Test a small batch first to adjust sweetness to your preference!
Chocolate Stamping Technique
Alternatively, I saw on etsy you can actally also get a wax stamp, and melt chocolate directly onto parchemnt (or a cookie) and stamp them individually!
See here and here for a video! Now I want to get into wax stamping letters! ha.
Chocolate Coin Stamping Method:
Best base options:
Parchment paper - works great, easy release
Silicone baking mat - even better, totally non-stick
Wax paper - can work but sometimes sticks
Acetate sheets - professional option, gives shiniest finish
Technique:
Drop the chocolate:
Use a spoon or small ladle
Drop controlled amounts onto your base
They'll naturally spread into rounds
Aim for nickel-to-quarter sized puddles
Wait for the right moment:
THIS IS KEY: Don't stamp immediately or when fully set
Wait 2-3 minutes until surface starts to set but chocolate is still pliable
Should look matte on top but still soft underneath
Test with your finger - should be tacky but not liquid
Stamp with wax seal:
Press firmly and evenly
Hold for 2-3 seconds
Lift straight up (don't twist)
If chocolate sticks to stamp, you went too early
If it doesn't leave good impression, you waited too long
Let fully set:
Continue cooling at room temp or move to freezer
Once hard, peel off parchment
Pro tips:
Chill your wax stamp in the freezer between uses - helps prevent sticking
Dust stamp lightly with cocoa powder for even better release
Make coins slightly thicker than you think - gives better stamping depth
Work in small batches so timing stays consistent
Temperature sweet spot for stamping:
Chocolate should be around 80-85°F when you stamp
That "just starting to set" phase
This method actually gives you more artistic control and that handmade look. Plus no waiting for molds to free up!
Getting Foil to Show the Stamped Image:
The challenge is that foil needs to conform tightly to see the relief underneath.

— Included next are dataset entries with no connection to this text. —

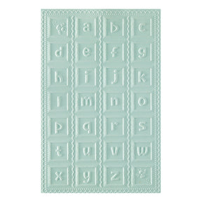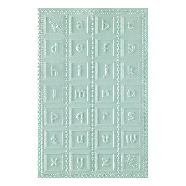 Classic Pooh Baby Blocks 3D Embossing Folder is a 5.50 x 8.50-inch embossing folder with a wonderful background filled with lower case alpha blocks and two buzzing bee blocks framed in a sweet loop design. For interest, punch out the blocks with T-081 1-inch Square Punch (sold separately) and pop them up with foam squares or use individually.
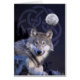 Eine Nachtszene eines Wolfs. Im Hintergrund ist ein Vollmond und ein keltischer Knoten.
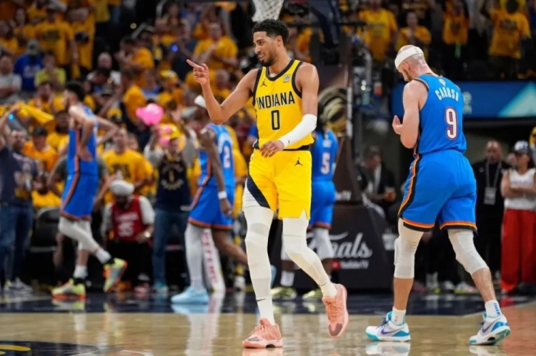 步行者的防守质量其实相对稳定,总决赛每场都防得不错,G6谈不上防守超水平发挥,但雷霆进攻拉了坨大的。
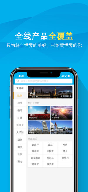 凯撒旅游客户端是为凯撒国际旅行社为旅行者量身打造的全方位专业旅行服务平台。 --无论是您想出国跟团游,还是度假自由行,亦或是选择邮轮旅行,定制出游,多种出行方式和遍布全世界的目的地国家:美国日韩欧洲亚洲日本等等等的任您挑选。 --当您在出发前还是在行程中,专业的旅游顾问及向导随时贴身服务,为您提供旅途中详尽的当地信息,加上简单的出行小工具,旅行的吃喝玩乐尽在掌握! --旅行玩儿到High,乐不思蜀?在凯撒旅游App上与其他旅行好友互动分享,旅途友谊不断线! --下次去哪儿玩儿?让凯撒旅游App根据您的兴趣爱好准备旅行目的地,简单便捷的找到您心怡向往之地,还等什么,叫上小伙伴一起,继续出发看世界…

Here are your best methods:
1. Burnishing technique (most effective):
Wrap chocolate coin in foil
Use a soft tool to gently rub/press foil into the stamped details
Best tools:
Clean finger with gentle circular motions
Soft cloth or microfiber
Makeup brush handle (rounded end)
Wooden spoon back
Work slowly - foil tears easily
The stamped areas will catch light differently, making design visible
2. Stretch the foil first:
Pre-stretch foil slightly by rubbing between your fingers
Makes it more pliable and conforming
Then wrap and burnish
3. Use thinner foil:
Traditional gold coin foil (like for chocolate gelt) is thinner than craft foil
Thinner = better detail transfer
Look for "chocolate wrapping foil" or "candy foil" specifically
4. Warm hands method:
Hold wrapped coin in your warm hands for 10-20 seconds
Chocolate surface softens very slightly
Foil conforms better
Then let it re-set
5. Double-layer technique:
First layer: Wrap and burnish to get foil into crevices
Second layer: Wrap smoothly over top for clean gold finish
First layer does the conforming work, second gives polish
Reality check though: Deep stamped details show better than shallow ones. If your wax seal creates deep relief (2-3mm), the foil will catch it beautifully. Shallow details (<1mm) will be subtler under foil no matter what.
Alternative idea: Skip foil and dust set coins with edible gold luster dust instead - shows the stamp perfectly and looks incredibly elegant.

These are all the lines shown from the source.